Teresa entregó la llave del laboratorio a Francisco y le dejó pasar dentro. Apenas había espacio para una persona, así que el cerrajero le ordenó que se quedara fuera, vigilando. Cuando sus ojos se acostumbraron a la penumbra y fue capaz de reconocer todos los delicados enseres que María acumulaba allí con tanto mimo, exactamente como ella los había dejado, le invadió una terrible nostalgia. Se acordó de las emocionadas escenas vividas con ella en aquel recóndito y mágico lugar. Permanecía todavía en el aire un intenso aroma a destilación de lavanda, el mismo exquisito olor que siempre desprendía ella. Estaba a punto de derrumbarse en su tristeza, pero sacó fuerzas para recordar cuál era allí su objetivo. Con energía, empezó a buscar y rebuscar en los estantes, cajones y otros posibles escondites, el libro manuscrito y cualquier anotación o documento, relativos a la fórmula del hierro que la condesa hubiera podido dejar escritas para después transmitir a Francisco. Quizás al tener el ejemplar original en sus manos, había sido capaz de desvelar la fórmula al completo.

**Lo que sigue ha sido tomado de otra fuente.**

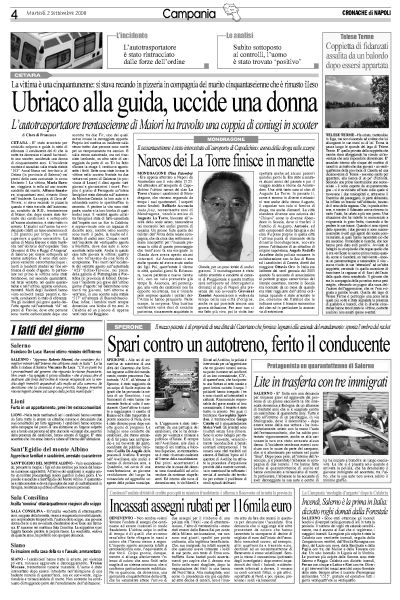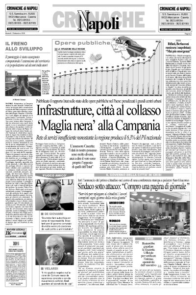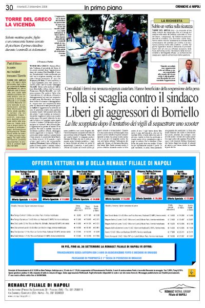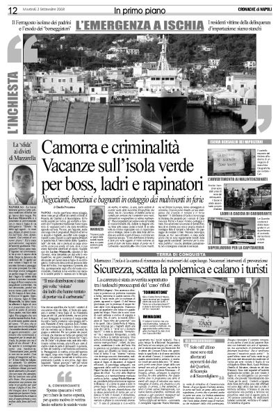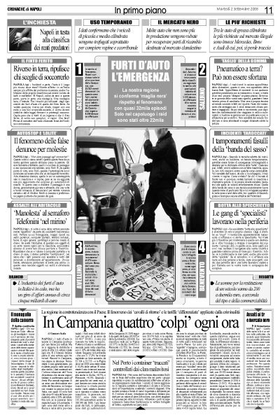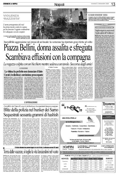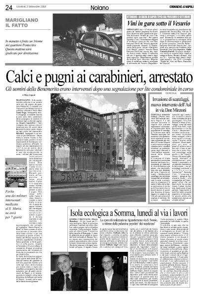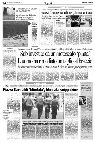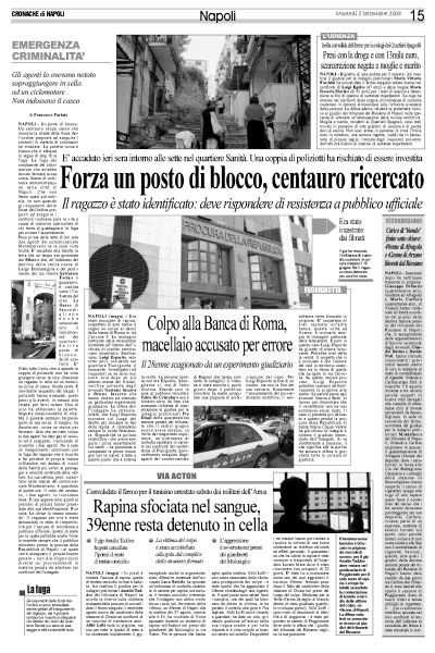 mmm... E questo che a me non piace. Il cercare di far passare Napoli come una città come le altre, con gli stessi problemi di una qualsiasi metropoli. Nè più nè meno pericolosa di una qualsiasi altra grande città. IO ho abitato 6 anni a Roma, e seguivo spesso il tg locale. DI notizie preoccupanti, ce ne erano poche. Mi ricordo molte notizie sul traffico, sulle visite del sindaco in tal o talaltro post, ritardi dei trasporti pubblici e via di seguito. I tg locali di Napoli, sono invece di una città invivibile. Riporto quì le pagine del giornale "Cronache di Napoli"; di oggi 2 Settembre 2008. Per intenderci, non ho preso una giornata particolarmente "nera", ma quello che ho trovato. Quì il sito del giornale http://www.cronachedinapoli.org/edizioni.asp?testata=na ![]() ![]() ![]() ![]() ![]() ![]() ![]() ![]() ![]() ![]() ![]() ![]()

Se desesperó buscando, pero no halló nada. Teresa le aseguró que tampoco ella había encontrado el libro en el gabinete donde la condesa había fallecido.
—Maldigo a ese desgraciado asesino, que ha sido capaz de matar por robar nuevamente el manuscrito —dijo con furia Francisco, descargando con fuerza el puño sobre la mesita del laboratorio, sentada a la cual la condesa había pasado tantas horas de estudio.
La doncella permanecía en el umbral de la puerta del pequeño cuartito secreto, compungida y desolada por haber sido, sin saberlo, cómplice necesaria de la muerte de su señora. Con los ojos inundados otra vez de lágrimas, se acordó entonces de un detalle:
—Toma. Creo que esto te pertenece —dijo, sacando de un bolsillo de su enorme delantal envolvente, la llave de maestría que Francisco le había regalado a la condesa—. La llevaba siempre oculta bajo el corpiño, atada con una cinta de raso. Yo se la quité cuando la vi muerta, para que ni el médico ni el conde la descubrieran…
El cerrajero la tomó con emoción entre sus manos. La llave parecía bruñida y lustrosa del roce sobre el metal que había procurado la tela de los vestidos de la condesa. Había sido el preciado objeto protagonista de su unión ante el altar mayor de El Escorial, cuando se ataron las manos. Mientras la guardaba él mismo en su chaquetilla, se percató de que sólo el frío deseo de venganza era capaz de mitigar su dolor. Decidió pues actuar en consecuencia y pensar en la batalla definitiva que iba a presentar a sus dos principales enemigos.